The Ukraine striker has spent the season warming the San Siro bench after being loaned out by Chelsea at the start of the season.
He has been as unsuccessful in Italy as he was in the Barclays Premier League and Sportsmail revealed earlier this month that Chelsea will pay up the final year of his contract and allow him to become a free agent this summer.
Most wanted: Chelsea intend to appoint Carlo Ancelotti
But the 32-year-old has maintained loyalty to his English paymasters by aiding in the capture of Ancelotti, according to Italian newspaper Gazzetta dello Sport.
Abramovich is said to have personally called Ancelotti, using Shevchenko to translate from Russian to Italian. The Stamford Bridge money man reportedly laid out the details of a three-year contract worth a basic salary of £85,000 per week - plus bonuses.
Ancelotti today said he would meet Milan vice-president Adriano Galliani on Monday to discuss his future after the crucial final-day match at Fiorentina.
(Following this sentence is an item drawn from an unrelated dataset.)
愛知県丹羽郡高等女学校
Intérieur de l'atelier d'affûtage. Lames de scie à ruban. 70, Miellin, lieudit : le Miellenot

The Rossoneri need to draw to ensure they qualify directly for the Champions League group stages next season, but Ancelotti said the result would make no difference to the decision over his future.
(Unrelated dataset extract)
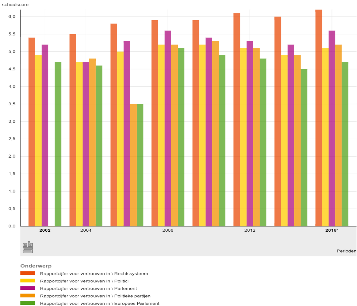
Figuur 1 Vertrouwen in mensen, recht en politiek in Nederland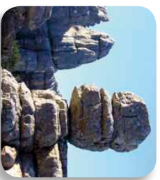
A lo largo del recorrido veremos cómo la erosión del viento, del hielo y del agua ha esculpido formas caprichosas en la roca caliza

rutas comienzan observadas por la formación rocosa conocida popularmente como El Vigilante (ver [2] en el mapa), de manera que una vez pasada la localización del gran Arce de Montpellier [3] aparece un desvío, en el que debemos continuar por la derecha. Conforme vamos avanzando podremos ver otras formaciones rocosas características como son La Jarra [4], La Grieta [5] o El Burladero [6]; poco después de este, podemos desviarnos para ver las figuras del Pílon [7] y el Pílo [8], y continuaremos el camino para encontrar El Camello [9] y El Adelantado [10].

His bosses are already believed to have lined up sporting director Leonardo as his replacement, though Marco van Basten is another contender following a souring relationship with Milan owner Silvio Berlusconi.
Ancelotti said: 'My future will be much clearer for everyone after the meeting I will have with the Milan directors at the end of the season.
'The game against Fiorentina will not influence my choices or those of the club. It has zero impact on my future and only matters to get direct access to next season's Champions League.
'I don't have any meeting planned shortly with Abramovich. I have been learning English for two years and if the Milan directors ask me to stay, I will.'
Milan had hoped to make an announcement on the future identity of their coach this week but defeat in their last home game at Roma meant their Champions League route was not confirmed, further disappointing directors.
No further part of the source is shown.